Hinzu kommt der spezielle Kontext, in dem das Vorhaben offentlich wurde. Der Bericht der Times reiht sich in eine Folge vergleichbarer Meldungen ein, mit denen die britische Regierung ihren Willen zur Umetzung des Ruanda-Deals dokumentieren will. Die Ankündigung eines möglichen Ruanda-Verfahrens auf freiwilliger Basis dürfte vor allem innenpolitisch motiviert sein, denn er erhöht die Chance, während des bevorstehenden Wahlkampfs doch noch jene Bilder von Ausfliegungen nach Ruanda zu produzieren, die den Tories bislang fehlen.
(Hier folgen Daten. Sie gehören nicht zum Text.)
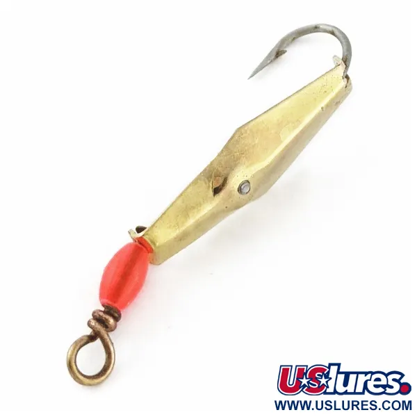 Verguld metaal vormt de slanke, ruitvormige body van dit zeldzame item van 1/8 oz (4 g), een stuk dat het jarenlange vakmanschap van James E. Clark laat zien. Met een lengte van 6 cm vertegenwoordigt deze Clark Spoon 00 met productcode 24355 een reeks Amerikaanse zoutwaterlepelvissen die voor het eerst verschenen in 1927. De constructie kenmerkt zich door een dun, langwerpig profiel in combinatie met een ingebouwde wartel, ontworpen om het kinken van de lijn te voorkomen tijdens het trollen op snelzwemmende soorten zoals Spaanse makreel, blauwbaars of bonito. Een opvallende rode kraal is bij de kop geplaatst en voegt een kleuraccent toe tegen de gouden afwerking en de stevige, vaste haak. Dit exemplaar is in uitstekende staat bewaard gebleven, gewaardeerd met 5/5, waardoor het heldere reflecterende oppervlak behouden is gebleven dat nodig is voor het beoogde gebruik. Ontworpen om achter een planer of inline gewicht te worden getrolld, produceert de lepel een snelle, levendige fladderende actie in het water om een gewonde aasvis te simuleren.
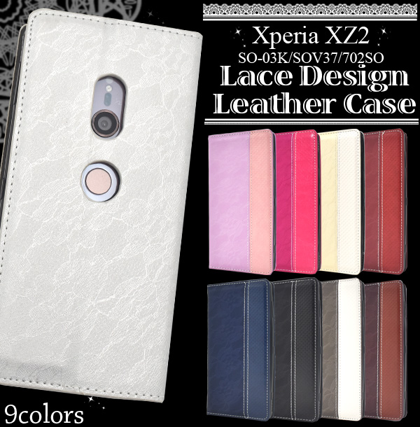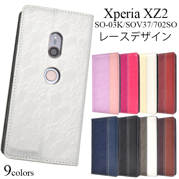 スマホケース 訳あり アウトレット Xperia XZ2 SO-03K SOV37 702SO用 手帳型 レースデザイン レザーケース おしゃれ 可愛い 携帯カバー 上品 ベルトなし スマホカバー 携帯ケース au携帯カバー フェミニン クラシカル

Dies könnte bei mangelnder Differenzierung zu einem doppelten Missverständnis führen: Einerseits dem, dass die britische Regierung ihren Ruanda-Deal nach all den Rückschlägen nun doch noch umsetze. Und andererseits, der Ruanda-Deal sei für die Betroffenen freiwillig und mithin nicht so schlimm. Beide Fehleinschätzungen könnte die Bereitschaft auf dem europäischen Festland weiter erhöhen, die britische „Drittstaaten-Modell“ in die eigene migrationspolitische Agenda zu übernehmen.